• **YOUR INSTRUCTIONS**
Word for word, restate the lines of the listing below from the line with "AnyMoney comes with" through the line with "Monteau Puff Sleeve", and do not include the pictures.
::: DATA SECTION
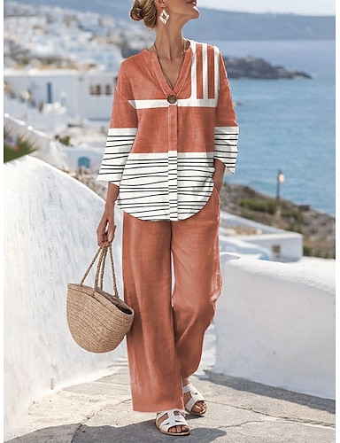 Conjuntos Femininos de Duas Peças Estilo Linho Calças Blusa Bolero Manga 3/4 Decote em V Gráfico Listrado Geométrico Estilo Casual Diário Praia Azul Roxo Laranja Verão Ajuste Regular
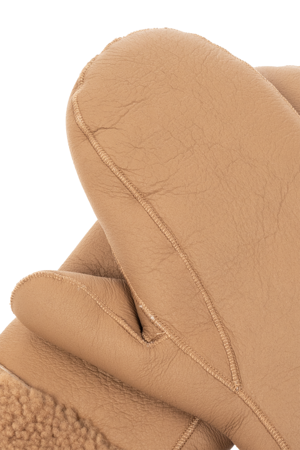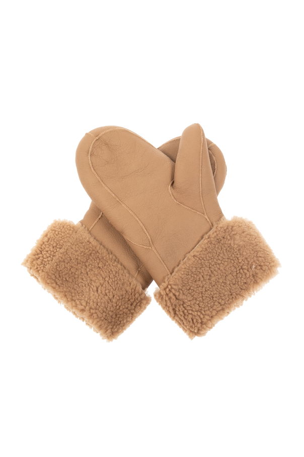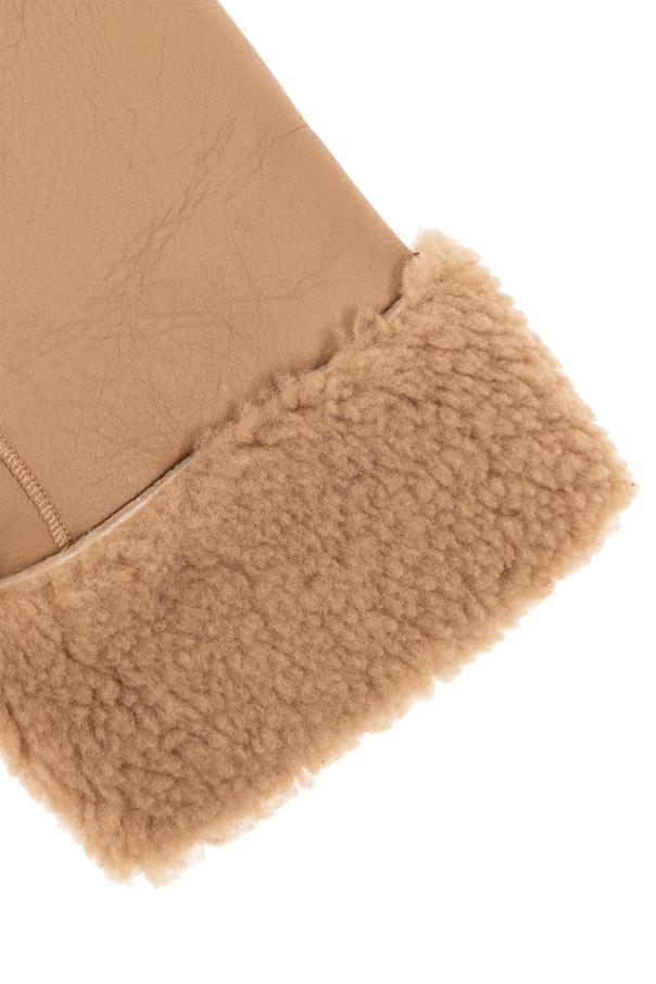 Brown gloves from Yves Salomon. Made of lamb leather and trimmed with fur.
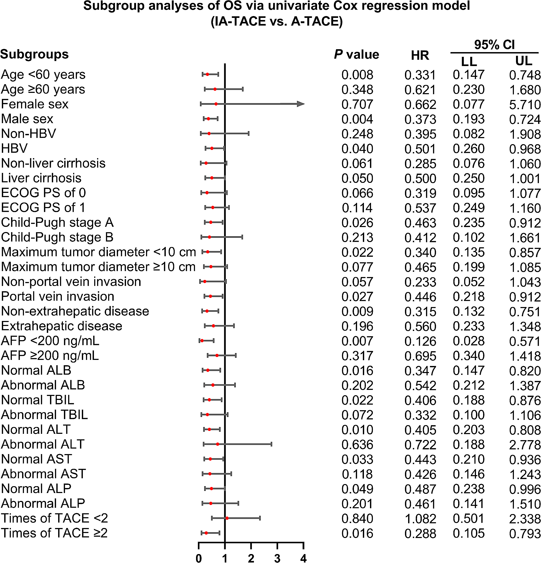 2018); (ii) adult patients (≥ 18 years old); (iii) Child-Pugh stage of A or B; (iv) Eastern Cooperative Oncology Group performance status (ECOG PS) of 0 to 1; (v) Barcelona Clinic Liver Cancer (BCLC) stage of C; (vi) received at least one cycle of IA-TACE or A-TACE treatment; (vii) had at least one available data of best response by Modified Response Evaluation Criteria in Solid Tumors (mRECIST) guideline (Lencioni and Llovet
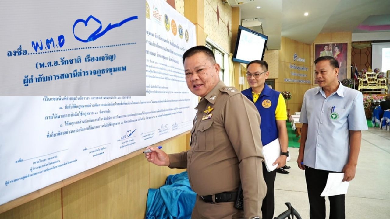 พ.ต.อ.รักชาติ เรืองเจริญ ผกก.สภ.ชุมแพ จว.ขอนแก่น แจกลายเซ็นหัวใจดวงน้อย ในพิธีลงนามความร่วมมือการขับเคลื่อนวาระอำเภอชุมแพ ขับขี่ปลอดภัย 365 วัน ก่อนจะงัดมาตรการบังคับใช้กฎหมาย 10 ข้อหาหนัก อย่างเข้มงวดและต่อเนื่อง เพื่อสร้างวัฒนธรรมความปลอดภัยทางถนนให้กับประชาชน พร้อมฝากถึงประชาชน ช่วยกันปฏิบัติตามกฎหมาย เพื่อความปลอดภัย “เพราะรักตำรวจถึงจับ”
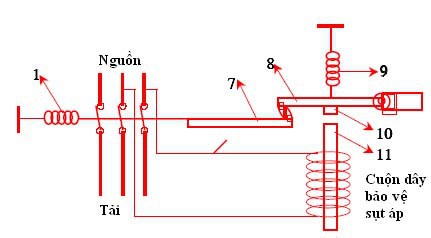 2. Nguyên lý điện từ : Ta sẽ dựa theo nguyên tắc điện từ. MCCB sẽ chứa 1 cuộn dây điện từ giúp tạo ra 1 trường điện từ khá nhỏ khi dòng điện chạy qua MCCB. Trong quá trình hoạt động bình thường này, điện từ sẽ được tạo ra bởi cuộn dây điện từ. Tuy nhiên, 1 khi xảy ra lỗi ngắn mạch trong mạch, 1 dòng điện lớn sẽ bắt đầu đi qua điện từ. Từ đó, 1 trường điện từ mạnh sẽ được sinh ra để hút thanh ngắt và mở các tiếp điểm.
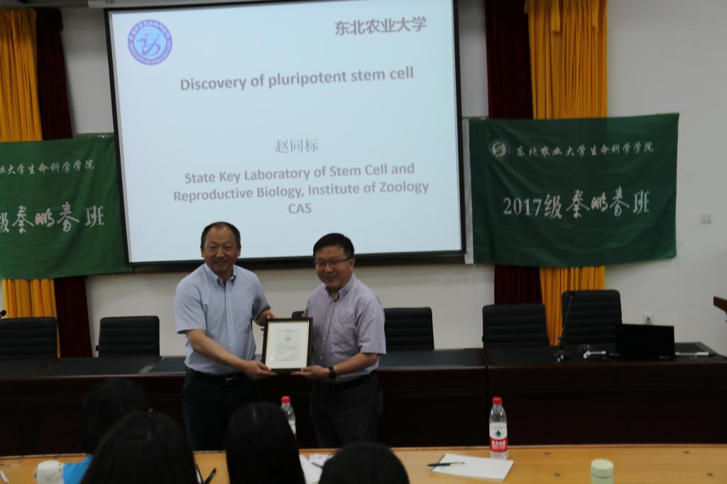 随后,赵同标研究员以《多能干细胞的发现》为题讲授了干细胞研究的发展历程,希望同学们能从中汲取经验养成科学思维和思考习惯。他以讲解干细胞治疗的应用前景、手段和需求为开端,以时间为序介绍了干细胞从发现到分离和应用的进程。赵同标研究员在讲述多能干细胞发展阶段中,提出了畸形瘤如何形成和怎样获得人多能干细胞等问题引导同学们思考,并与赵要风教授一道叙述了几个知名科学家的传奇人生,告诫年轻人要敢想敢做,谨记科学是以爱好和坚持不懈为基础逐步沉淀和突破的过程。
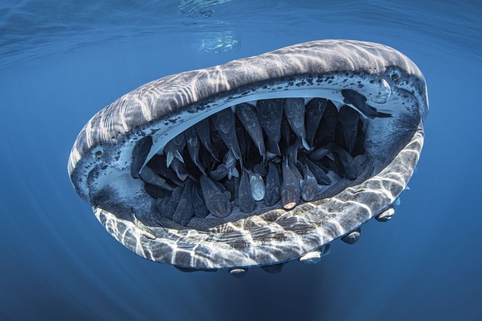 Evans Baudin memenangkan Grand Prize kontes foto ini. Fotonya menampilkan 50 ekor ikan remora yang menumpang di mulut hiu paus. Foto: Evans Baudin/Underwater Photo Contest 2020
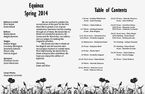 We would also like to thank all the English and Art teachers who encouraged students to submit work. Most importantly, we would like to thank everyone who submitted. We hope you enjoy this edition of Equinox!
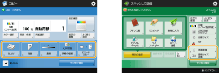 コピー、ファクス、スキャンの基本画面に表示されている設定ボタンを、他の設定ボタンに変更することができます。また、ログインしているユーザーによって異なる基本画面を表示させることもできます。
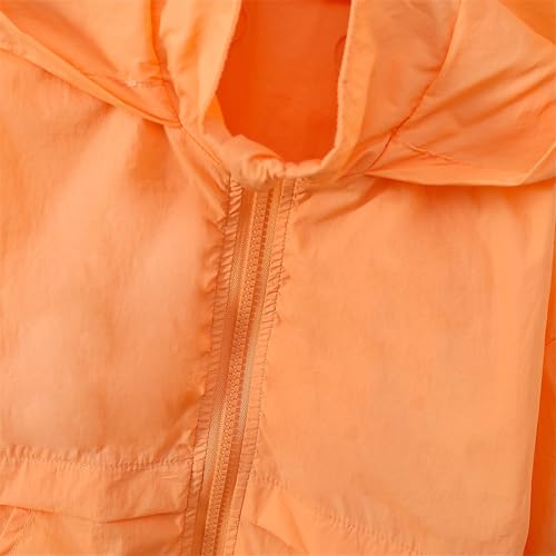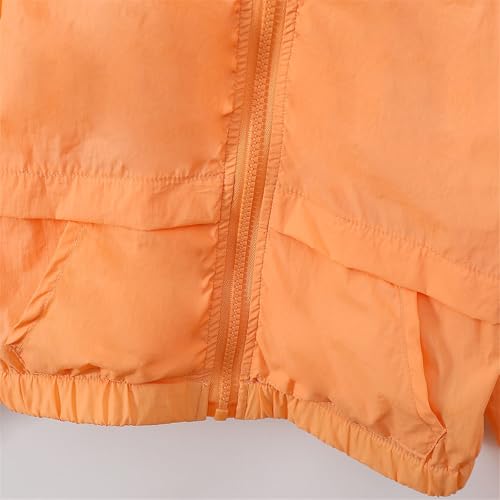 Kids Girls Waterproof Windbreaker Jacket Solid Color Long Sleeve Zip Up Hoodie Boys Lightweight Orange 11-12 Years 6
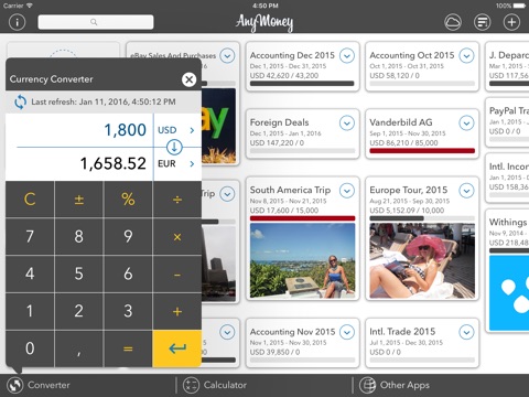 AnyMoney comes with an easy to use and elegant currency converter and a handy calculator.
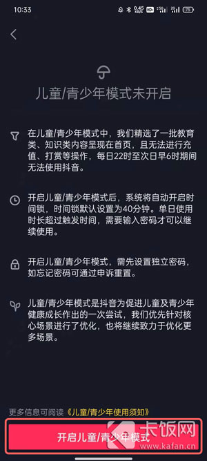4、点击下方的【开启儿童/青少年模式】按钮;
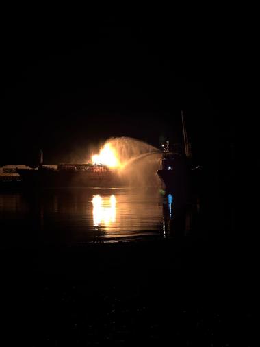 UPDATE – Autorităţile din Ucraina intervin cu tunuri de apă pentru a stinge incendiul produs la nava încărcată cu GPL care se află în zona Ismail. În imagini se observă că flacăra a mai scăzut în intensitate, iar echipajele de intervenţie acţionează pentru a răci zona de ardere.
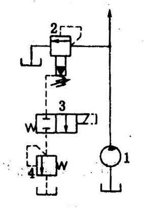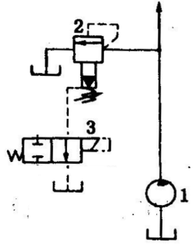 回路中先导式溢流阀2的远控口直接与两位两通电磁阀3相连,即远控口直接接通油箱,此时,泵输出的油液在低压下经溢流阀2流回油箱,实现卸荷。
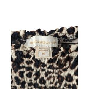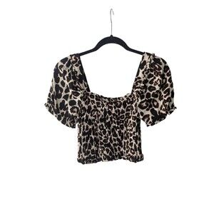 Monteau Puff Sleeve Smocked Crop Top Women's Size Med Leopard Print Linen Blend
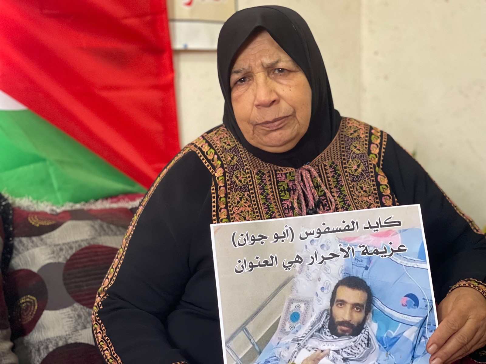 حذرت هيئة شؤون الأسرى والمحررين، اليوم الثلاثاء، من تفاقم الحالة الصحية للأسير المضرب عن الطعام منذ 111 يوما كايد الفسفوس، ووصوله لمرحلة صعبة وخطيرة للغاية قد تؤدي لاستشهاده في أي لحظة، فيما طالبت والدة الأسير بممارسة ضغوط على سلطات الاحتلال ليعود ابنها لمنزله.وفي كل لقاء مع صحافيين، تردد فوزية الفسفوس، والدة الأسير كايد عبارة: "بدي (أريد) ابني حيّ، ما بدي يستشهد".وأشارت الفسفوس إلى إن أربعة من أبنائها -بينهم كايد- معتقلون في سجون الاحتلال.وذكرت الفسفوس أنها شعرت بالفرح بعد تجميد قرار الاعتقال لابنها، على أمل أن يكون القرار التالي هو الإفراج عنه، لكنها صُدمت بقرار الاعتقال الإداري الجديد.وتمكنت الفسفوس من زيارة ابنها خلال فترة تجميد اعتقاله الإداري، وشاهدت تأثير الإضراب على جسده، وشددت على أنّ "حالته سيئة لدرجة، لا يستطيع أن يتحرك، لو نزل (سقط) عنه حرامه (غِطاؤه) لا يستطيع أن يرفعه، لا يستطيع بلع الماء، حالته الصحية متدهورة كثير كثير"، بحسب ما نقلت عنها وكالة "الأناضول" للأنباء.وأضافت: "جسمه كان باردا ولا أحد يعتني به، يرفض الفحوصات الطبية، جسمه فقط جلد وعظم، متعب جدا، ومع ذلك لا يريد أن يفك إضرابه إلا في البيت".أمَا وقد مُنعت من زيارته بعد إعادة الاعتقال الإداري، تتساءل أم كايد: "لماذا يُربط أسير خالِصْ (مُتعب) لا يستطيع أن يتحرك في التخت (السرير)؟ دولة ظالمة".ودعت الفسفوس "منظمات حقوق الإنسان وكل إنسان حر وشريف أن يقف مع كايد ويروحه (يفرج عنه) على الدار".وأكثر ما تخشاه والدة كايد، أن يفقد ابنها أعضاء حيوية من جسده، إذ تقول: "خايفة عليه من نوبة قلبية، أو تتلف الكلى".كايد، ليس أول المعاناة للمسنة الفسفوس، فهي والدة ستة شبان جميعهم اعتقلوا وأمضوا سنوات طويلة. وحول هذا تقول: "زرتهم في السجون، من عام 2000، وحتى الآن لم نجتمع على مائدة طعام".وإضافة إلى كايد، تعتقل سلطات الاحتلال حاليا ثلاثة من أشقائه، هم محمود وأكرم وحافظ.وهنا تسهب المسنة الفلسطينية في سرد سنوات اعتقال أبنائها الذي أمضوا مجتمعين أكثر من 52 عاما في سجون الاحتلال، ومات والدهم وهم في السجن: "حسن (أمضى) 11 سنة، خالد 9 سنوات، محمود 13 سنة، أكرم 7 سنوات، حافظ 5 سنوات، كايد 7 سنوات".وتقول إن ابنها كايد، مُضرب رفضا للاعتقال الإداري وحتى ينال حريته.وإضافة إلى الأسير الفسفوس، يواصل خمسة أسرى إضرابهم عن الطعام رفضا للاعتقال الإداري "أخطرهم حالة الأسير مقداد القواسمة المضرب لليوم 104على التوالي، وهو محتجز في العناية المكثّفة في مستشفى "كابلان"، بوضع صحي شديد الخطورة.وقال محامي الهيئة كريم عجوة، بعيد زيارته للفسفوس اليوم في مشفى "برازيلاي" إنه يعاني من آلام حادة في جميع أنحاء جسمه ويشعر بحرارة وسخونة بالعينين، ويعاني من تعب شديد وعدم القدرة على التحرك وإه لا يشعر بقدميه نهائيا.
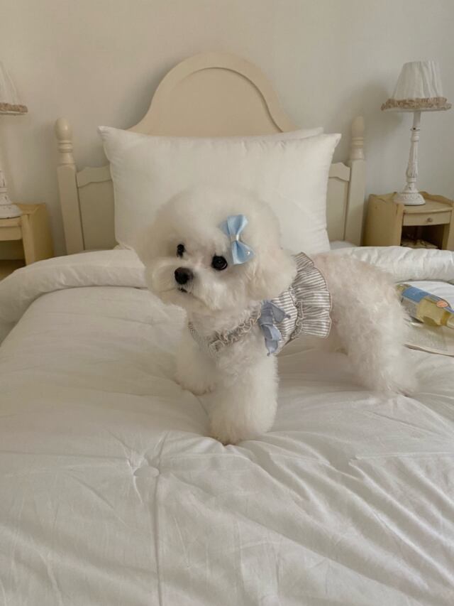 リボンの結び目がほどけたり、走ったりするたびに、リボンがぶら下がって邪魔にならないように服に完全に固定しました。
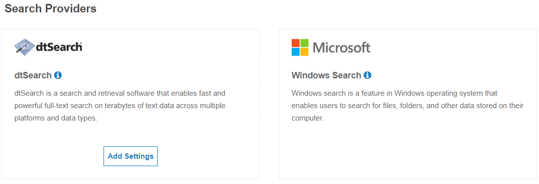 After enabling/configuring the desired service in the Settings or Enterprise tab, the selected option, as well as other possible options, can be viewed/configured within the Integrations tab.
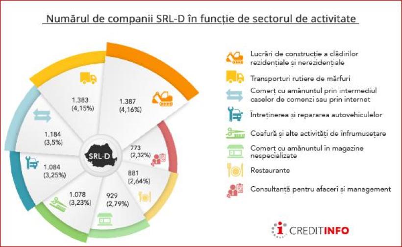 Atunci când vine vorba de firmele SRL-D care au încă activitate, cele mai multe provin din domeniile transporturi rutiere de mărfuri (1.344), construcții (1.346), comerț cu amănuntul prin intermediul caselor de comenzi sau prin internet (1.151), întreținerea și repararea autovehiculelor (1.038), coafură, activități de înfrumusețare (1.034), comerț cu amănuntul în magazine nespecializate (883), consulatanță pentru afaceri și management (848) și restaurante (750).
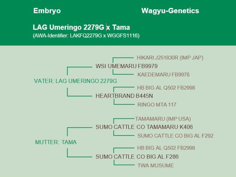 Such a mating is unparalleled in its range of top sires and dams. LAG Umeringo's semen is very rare in Europe. So this is a real opportunity for Akaushi breeders to acquire top genetics.
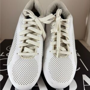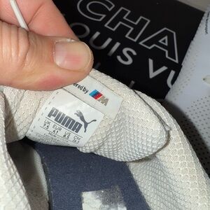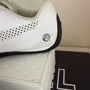 These Puma athletic shoes feature a sleek white and black color scheme, perfect for a minimalist look. The perforated upper enhances breathability, while the reinforced eyelets ensure durability. Ideal for both casual wear and light athletic activities.
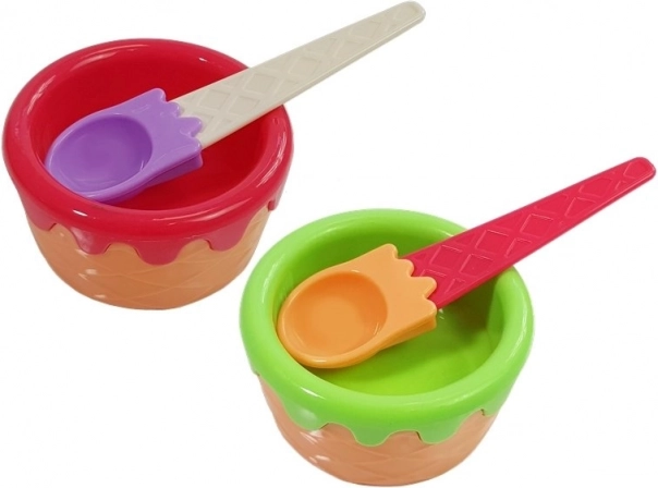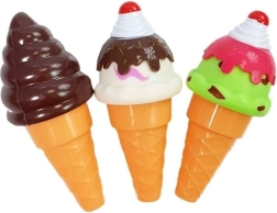 Kolorowe rożki, miseczki i łyżka do lodów umożliwiają mieszanie smaków i tworzenie lodowych kompozycji według wyobraźni.
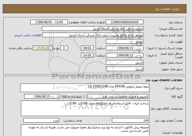 نام دستگاه خریدار:مدیریت شعب بانک مسکن استان اردبیل
::::::
• **SOLUTION TO THIS PROBLEM**
 AnyMoney comes with an easy to use and elegant currency converter and a handy calculator.
4、点击下方的【开启儿童/青少年模式】按钮;
 UPDATE – Autorităţile din Ucraina intervin cu tunuri de apă pentru a stinge incendiul produs la nava încărcată cu GPL care se află în zona Ismail. În imagini se observă că flacăra a mai scăzut în intensitate, iar echipajele de intervenţie acţionează pentru a răci zona de ardere.
 回路中先导式溢流阀2的远控口直接与两位两通电磁阀3相连,即远控口直接接通油箱,此时,泵输出的油液在低压下经溢流阀2流回油箱,实现卸荷。
 Monteau Puff Sleeve Smocked Crop Top Women's Size Med Leopard Print Linen Blend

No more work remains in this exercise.